Nederland zet vandaag een belangrijke stap op weg naar een schone toekomst. Ruim veertig organisaties, waaronder de overheid, werkgevers, vakbeweging, natuur- en milieuorganisaties, andere maatschappelijke organisaties en financiële instellingen, verbinden zich aan het Energieakkoord voor duurzame groei. Kern van het akkoord zijn breed gedragen afspraken over energiebesparing, schone technologie en klimaatbeleid. Uitvoering van de afspraken moet resulteren in een betaalbare en schone energievoorziening, werkgelegenheid en kansen voor Nederland in de schone technologiemarkten.

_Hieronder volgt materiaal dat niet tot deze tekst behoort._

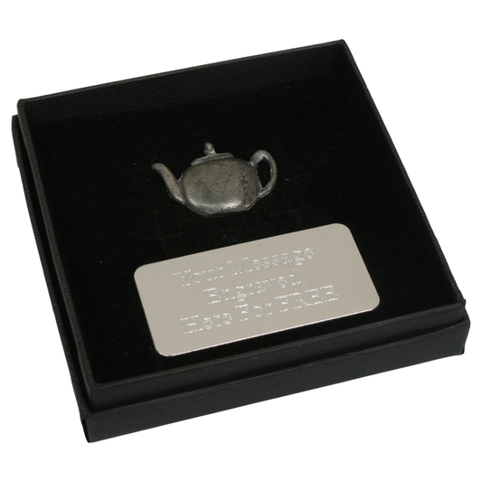 Teapot Pewter Pin Badge With Cufflinks & Tie Slide Option
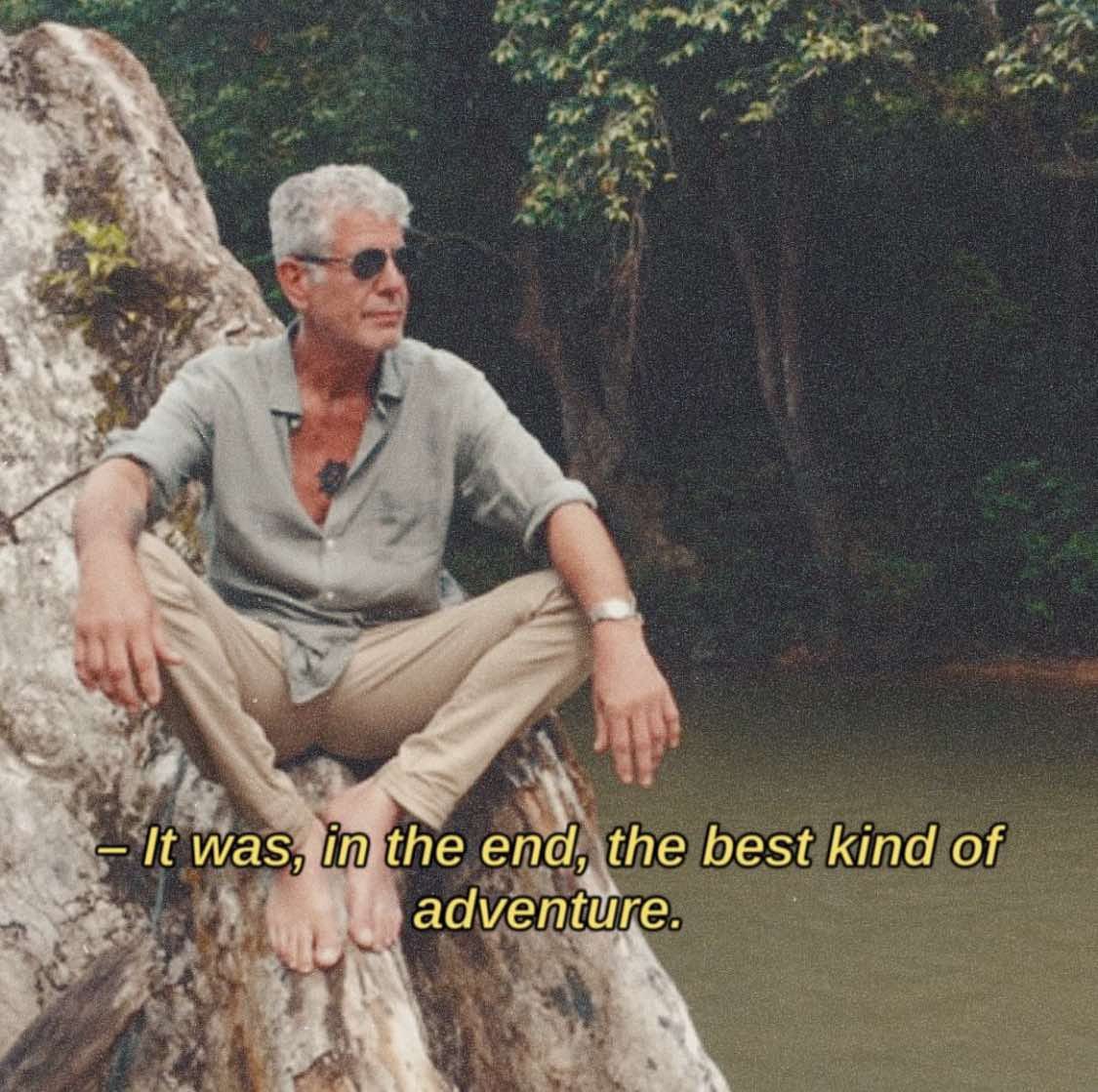 He’s said many beautiful things about travelling and adventure. However, it is in a short clip from the 2021 documentary, Roadrunner: A Film About Anthony Bourdain, where one of his core beliefs is shown in just six words:
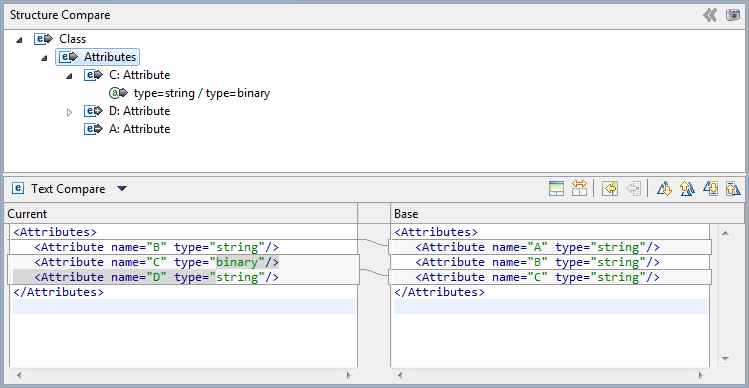 When you open a comparison between the base and current model, the comparison editor displays source code for both models. For structured resources, a Structure Compare frame gives you an expandable view of the changes in the resource. Double-clicking the changes in the Structure Compare frame focuses the Text Compare frame on the changes to that part of the resource. The Current section of the Text Compare frame allows you to edit the model source directly.
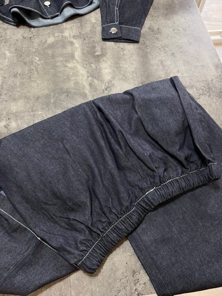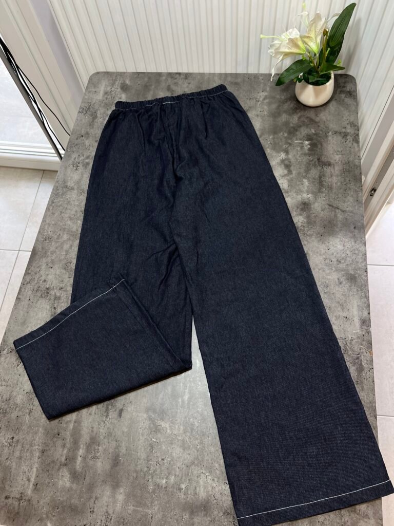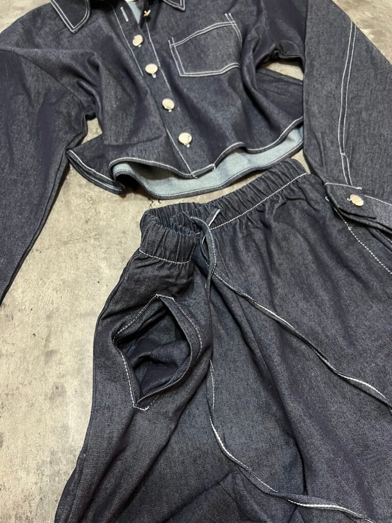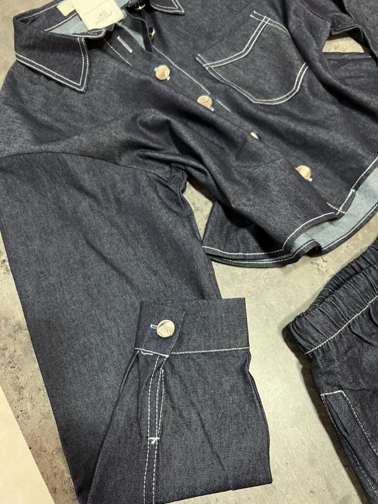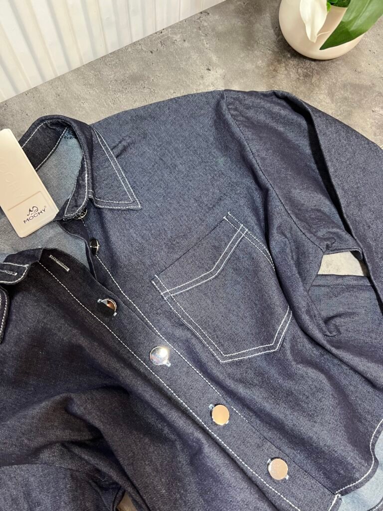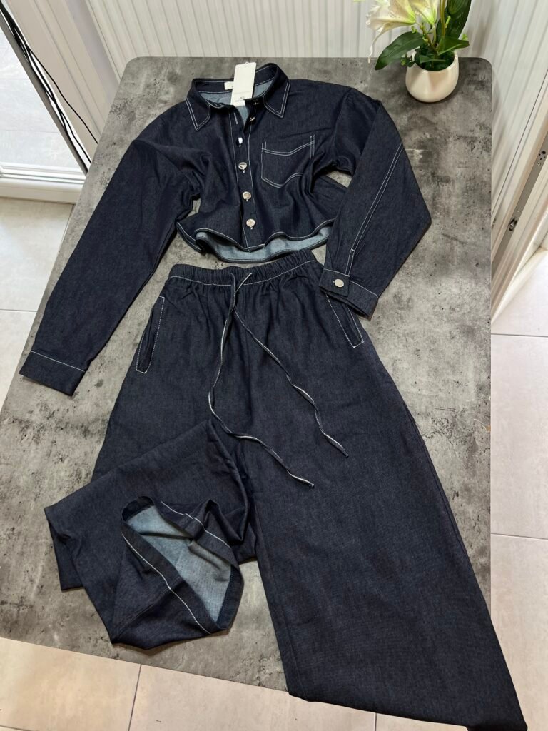 Këmisha në prerje të lirshme fundore, midi-crop. Me xhep anësor funksional. Mbërthim me kopsa. Me qepje me tegela të bardhë të dukshëm. Xhinset në prerje të lirshme me bel të lartë, llastik lidhëse dhe xhepa funksionale. Prerje paralel.
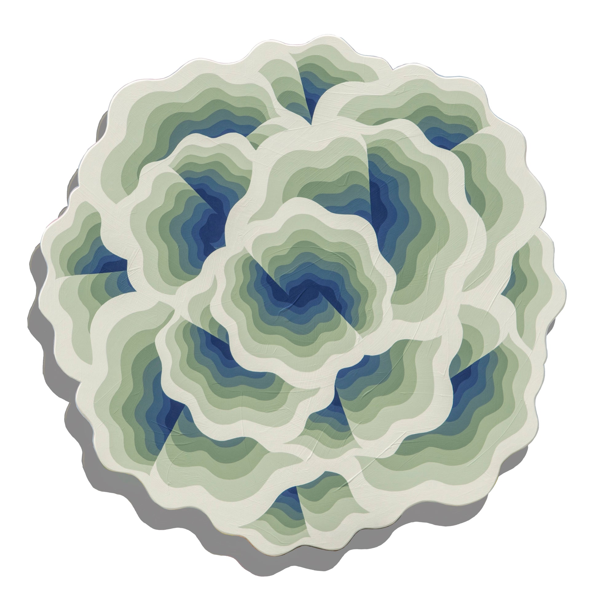 Michael Wayne Hall approaches painting as a meditative and deeply intentional practice. Working entirely by hand, he mixes and remixes each color individually, applying pigment without the use of tape or masking. Wobbles, smudges, and subtle imperfections are left intact—deliberate traces of the artist’s hand that underscore the humanity within each precise composition. His abstract works draw on the flat color fields and hard-edged aesthetics of vintage screenprints, infused with his own luminous gradients that suggest movement, depth, and transition. The result is work that feels both contemporary and timeless—at once calming and kinetic.
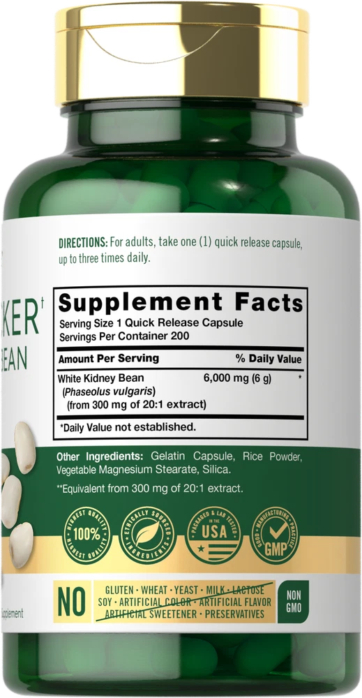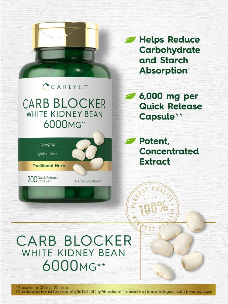 What is White Kidney Bean? White Kidney Bean, or Cannellini Bean, is a nutritious food that is part of the legume family. Native to Central and South America, White Kidney Bean has been made popular in Italian cuisine and can be enjoyed in many ways. White Kidney Beans also offer a wide range of vitamins and minerals and are an excellent source of naturally occurring fiber and protein. Now there’s a way to receive the benefits of this nutritious bean in convenient form to support your daily routine. Carlyle White Kidney Bean: Upgrade your routine with Carlyle White Kidney Bean! This traditional herbal supplement provides the equivalent of 6,000 mg of White Kidney Bean in each quick-release capsule for maximum support. We test our herbs for purity and potency, always bringing you the best quality ingredients you deserve. Our formula is gluten-free, non-GMO, and preservative free, making it the best choice for men and women everywhere. Rooted in Wellness: Our expertise in sourcing the purest ingredients combined with advanced technologies makes us proud to deliver premium, honest supplements at the best value. Carlyle White Kidney Bean is a testament to our commitment to excellence, made with powerful ingredients rooted in wellness. Thanks for choosing us in your pursuit of living healthy. WARNING: Not intended for use by pregnant or nursing women or persons under the age of 18. If you are taking any medications, including blood sugar-lowering medications, or have any medical condition, including diabetes or hypoglycemia, consult your doctor before use. If any adverse reactions occur, immediately stop using this product and consult your doctor. If seal under cap is damaged or missing, do not use. Keep out of reach of children. Store in a cool, dry place. This product should be used in conjunction with proper diet and exercise. Consult your physician before beginning any exercise program.

Download op deze pagina het Energieakkoord

Doelen Energieakkoord

In het Energieakkoord zijn concreet de volgende kwantitatieve afspraken gemaakt:

  • een besparing van het finale energieverbruik met gemiddeld 1,5 procent per jaar; of te wel 100 PJ aan energiebesparing per 2020;
  • een toename van het aandeel van hernieuwbare energieopwekking (nu 4 procent) naar 14 procent in 2020, en
  • een verdere stijging van dit aandeel naar 16 procent in 2023;
  • 15.000 banen, voor een belangrijk deel in de eerstkomende jaren te creëren.

Tien pijlers

Het Energieakkoord is opgebouwd op tien zogenaamde pijlers:

  1. energiebesparing in de gebouwde omgeving en efficiëntieverbetering in het bedrijfsleven;
  2. opschalen van hernieuwbare energieopwekking;
  3. stimuleren van decentrale duurzame energie;
  4. gereedmaken van energietransportnetwerk;
  5. goed functionerend Europees systeem voor emissiehandel;
  6. CCS en kolencentrales;
  7. mobiliteit en transport;
  8. werkgelegenheid en scholing;
  9. stimuleren commercialisering voor groei en export;
  10. financiering van duurzame investeringen.